• **EXERCISE DETAILS**
Your answer should consist solely of the lines from the first line of the data through the line with "Модель выполнена из", each reproduced exactly.

### DATA FOR THE TASK

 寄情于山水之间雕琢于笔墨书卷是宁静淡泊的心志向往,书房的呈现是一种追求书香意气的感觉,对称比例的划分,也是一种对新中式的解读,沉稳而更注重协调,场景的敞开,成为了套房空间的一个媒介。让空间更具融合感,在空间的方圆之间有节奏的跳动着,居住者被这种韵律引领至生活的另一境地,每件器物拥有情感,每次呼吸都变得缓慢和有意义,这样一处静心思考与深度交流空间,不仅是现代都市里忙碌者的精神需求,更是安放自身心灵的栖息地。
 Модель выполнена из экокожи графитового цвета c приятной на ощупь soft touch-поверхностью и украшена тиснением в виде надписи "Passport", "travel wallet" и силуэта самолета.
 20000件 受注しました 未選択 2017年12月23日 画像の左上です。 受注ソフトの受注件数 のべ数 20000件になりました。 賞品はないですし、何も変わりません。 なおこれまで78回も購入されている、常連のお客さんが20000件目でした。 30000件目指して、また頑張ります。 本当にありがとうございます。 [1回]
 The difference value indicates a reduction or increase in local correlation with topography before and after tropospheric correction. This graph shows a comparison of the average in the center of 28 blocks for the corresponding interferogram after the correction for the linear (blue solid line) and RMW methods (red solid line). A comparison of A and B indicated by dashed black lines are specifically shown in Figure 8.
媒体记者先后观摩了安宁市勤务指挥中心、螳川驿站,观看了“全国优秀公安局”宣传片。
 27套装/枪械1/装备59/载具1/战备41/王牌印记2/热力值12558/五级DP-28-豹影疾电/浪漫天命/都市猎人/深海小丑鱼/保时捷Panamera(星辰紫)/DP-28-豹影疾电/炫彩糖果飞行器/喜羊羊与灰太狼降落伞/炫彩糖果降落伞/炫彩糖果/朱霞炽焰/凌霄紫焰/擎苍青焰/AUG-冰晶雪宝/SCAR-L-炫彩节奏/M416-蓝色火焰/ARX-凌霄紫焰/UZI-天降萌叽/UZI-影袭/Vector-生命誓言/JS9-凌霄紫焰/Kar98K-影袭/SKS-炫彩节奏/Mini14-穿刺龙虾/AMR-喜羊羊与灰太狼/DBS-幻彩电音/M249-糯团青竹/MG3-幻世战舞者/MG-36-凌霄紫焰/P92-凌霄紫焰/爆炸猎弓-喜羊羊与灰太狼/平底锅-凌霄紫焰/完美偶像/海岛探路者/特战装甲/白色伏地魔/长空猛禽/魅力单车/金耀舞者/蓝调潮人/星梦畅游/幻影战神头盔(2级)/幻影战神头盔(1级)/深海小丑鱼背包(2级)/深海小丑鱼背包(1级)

######

• **EXERCISE SOLUTION**
 寄情于山水之间雕琢于笔墨书卷是宁静淡泊的心志向往,书房的呈现是一种追求书香意气的感觉,对称比例的划分,也是一种对新中式的解读,沉稳而更注重协调,场景的敞开,成为了套房空间的一个媒介。让空间更具融合感,在空间的方圆之间有节奏的跳动着,居住者被这种韵律引领至生活的另一境地,每件器物拥有情感,每次呼吸都变得缓慢和有意义,这样一处静心思考与深度交流空间,不仅是现代都市里忙碌者的精神需求,更是安放自身心灵的栖息地。
 Модель выполнена из экокожи графитового цвета c приятной на ощупь soft touch-поверхностью и украшена тиснением в виде надписи "Passport", "travel wallet" и силуэта самолета.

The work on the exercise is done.